An American Editor

June 1, 2010

Enhanced eBooks & the Death of Imagination

Enhanced ebooks, TV, videos, video games all share a common feature — they stifle imagination and creativity. Enhanced ebooks have a proper role to play in educating people, but perhaps not in educating the very young.

OK, I admit I’m old and that I can remember back to the birth of television, when The Lone Ranger was the hot show. And I can remember picking up a book and letting the words create a picture in my mind. These pictures were born from my understanding of what the words meant. Authors had to create worlds in writing that could be recreated by me. When Robin Hood described Maid Marian, I recreated her in my mind. One day she could be as short as me, the next twice my height. As I grew and aged, so did my mental picture of Maid Marian — all because as I experienced life and gained new insights into my world, I could apply those insights — via my imagination — to Maid Marian and to Robin Hood. 

Alas, I fear that “enhanced” ebooks will take away the last bastion of imagination. We already know that videos and movies hurt the imaginative process. We watch a movie and we no longer have to imagine the effect of a sword thrust through the chest — it is given to us graphically. We do not have to imagine what happens when a soldier picks up a live grenade and it explodes — the movie tells us clearly. Avatar left nothing for the viewer to self-create, which may be why it was so successful. We do not have to imagine because someone else has already imagined for us. How many of us had one picture of Robin Hood — a picture we created via our imagination when we first read the book — that was supplanted by Errol Flynn’s depiction of Robin Hood after we saw the movie in our youth?

Books — especially books for the preadolescent child — are the last bastion of imagination. When an author describes the heroine, we need to close our eyes and create that picture. We exercise our cognitive abilities. If the author describes a sword thrust to the chest, we imagine it within the limits of our experience and within the limits of our tolerance. These limitations, however, do not exist when we see the result displayed visually in a movie with ever increasing explicitness. (Do I really need to see the intestines falling out of a belly wound? Does it really add to the movie’s value?)

What made the Lord of the Rings trilogy so great?
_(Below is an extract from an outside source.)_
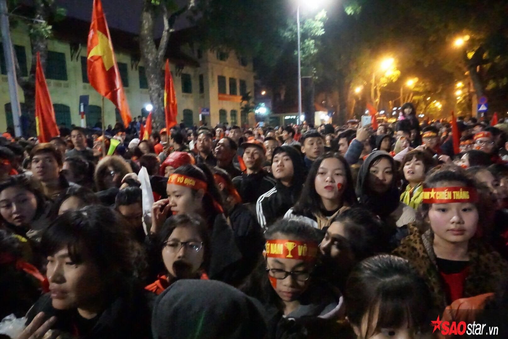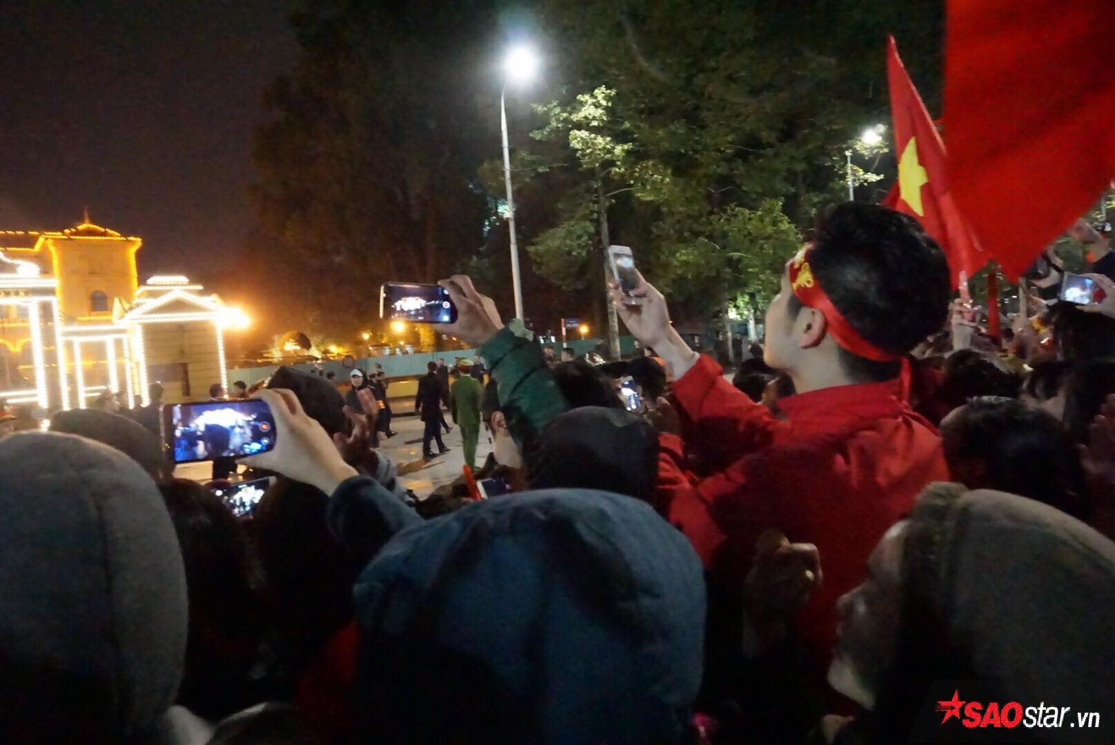 Đến thời điểm này, khi trời đã tối mịt nhưng vẫn rất đông các cổ động viên mang theo cờ tổ quốc, liên tục reo hò, chúc mừng trước khu vực Lăng Hồ Chủ Tịch - nơi các cầu thủ đang làm lễ dâng hương. Không khí hết sức sôi động.

For those who read the books as children, it was the ability to create from Tolkien’s words the world of the hobbits and elves and other characters. We could create our own Gollum. Now, assuming someone actually reads the books after having seen the Peter Jackson interpretation, is the reader likely to create his or her own world based on Tolkien’s words or will they simply picture Jackson’s visuals? My experience suggests the latter. Will this not also be a problem for future Harry Potter fans? Won’t future readers conjure up Harry, Ron, and Hermione as the three stars of the movies?

Maybe this doesn’t matter for someone of my age, although I would like to think it does. (They do say that exercising the mind’s thinking processes is the most important thing one can do to thwart memory loss in old age.) But certainly it matters for the young who already face a dearth of opportunities to exercise their imagination. (Remember when the broomstick was your horse and it was your imagination that made it so? Now the broomstick looks like a horse?) Schools are test preparers and have no time to coddle imagination. Parents too often think quality time with their children is watching TV or playing a video game — imagination-numbing activities — rather than reading a book or playing a board game that requires thinking.
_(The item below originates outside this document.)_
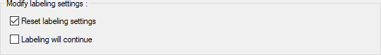 Modify labeling settings ![]() While labeling with reset, all names of the selected elements return to the project default. Labelling will continue at the end of the process, stores the names given to the elements in memory and reuses them in new naming. |
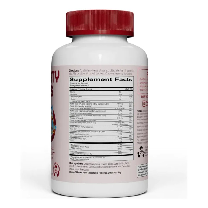 Smarty Pants Kids Formula Multi y Omega 3, multivitamnico, vitamina D3, suplemento de goma de mascar con sabor a cereza y omega 3 en un tarro de 374

It isn’t that enhanced ebooks don’t have a proper place or role; they do. A biology text with video would be useful and probably enhance understanding. But I’m not convinced that enhanced fiction or non-science, -technical, or -math nonfiction ebooks are good for learners, especially young learners as a general proposition (there will always be exceptions to every rule).
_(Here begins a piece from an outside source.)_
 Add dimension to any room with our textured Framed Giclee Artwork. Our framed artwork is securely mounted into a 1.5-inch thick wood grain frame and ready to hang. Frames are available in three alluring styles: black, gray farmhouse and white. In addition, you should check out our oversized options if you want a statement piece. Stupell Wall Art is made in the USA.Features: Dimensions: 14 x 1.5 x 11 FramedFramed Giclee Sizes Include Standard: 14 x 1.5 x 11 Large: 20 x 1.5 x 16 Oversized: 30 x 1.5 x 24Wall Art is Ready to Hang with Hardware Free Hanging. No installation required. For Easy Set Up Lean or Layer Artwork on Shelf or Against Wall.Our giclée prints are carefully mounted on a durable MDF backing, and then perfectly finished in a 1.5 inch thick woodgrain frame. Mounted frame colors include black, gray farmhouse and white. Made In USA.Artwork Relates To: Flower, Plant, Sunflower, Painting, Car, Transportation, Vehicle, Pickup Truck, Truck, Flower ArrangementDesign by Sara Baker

I am particularly worried that enhanced ebooks will supplant the parental role with the very young, as TV and videos and video games do. Just as parents often turn to TV, videos, and video games to babysit their 3-year-old child, they may turn to enhanced ebooks. At least one bastion of creativity and imagination should be preserved. Parents need to spend more time with their children, especially in the preadolescent years, and that time should be encouraging use of the childrens’ imagination and brain power, not letting someone else’s imagination rule them.

What prompts my concern? A large-scale, long-running Canadian study that was reported in many U.S. newspapers and on the New York Times Health blog. The study didn’t address issues of imagination, but it seems to me that just as TV robs “effort control” skills, it also robs creative skills. In today’s hard-to-get-ahead world that often requires both parents to work just to keep from drowning, it is foolhardy to rely solely on parents to do what is right and necessary. (How many parents do you know who would be willing to cancel their cable TV so that they aren’t tempted to use TV as a babysitter? How many young children have their own cell phones?)

Publishers of ebooks need to step up to the plate and recognize that they do have a social responsibility. Today’s young are tomorrows’ readers and writers, both of which publishers will need. Rather than rushing everything possible to “enhanced ebook” status in hopes of propping up revenues, publishers should look to the their own future: If they cannot instill the desire to read in the young, they will have no future readers to sell books to.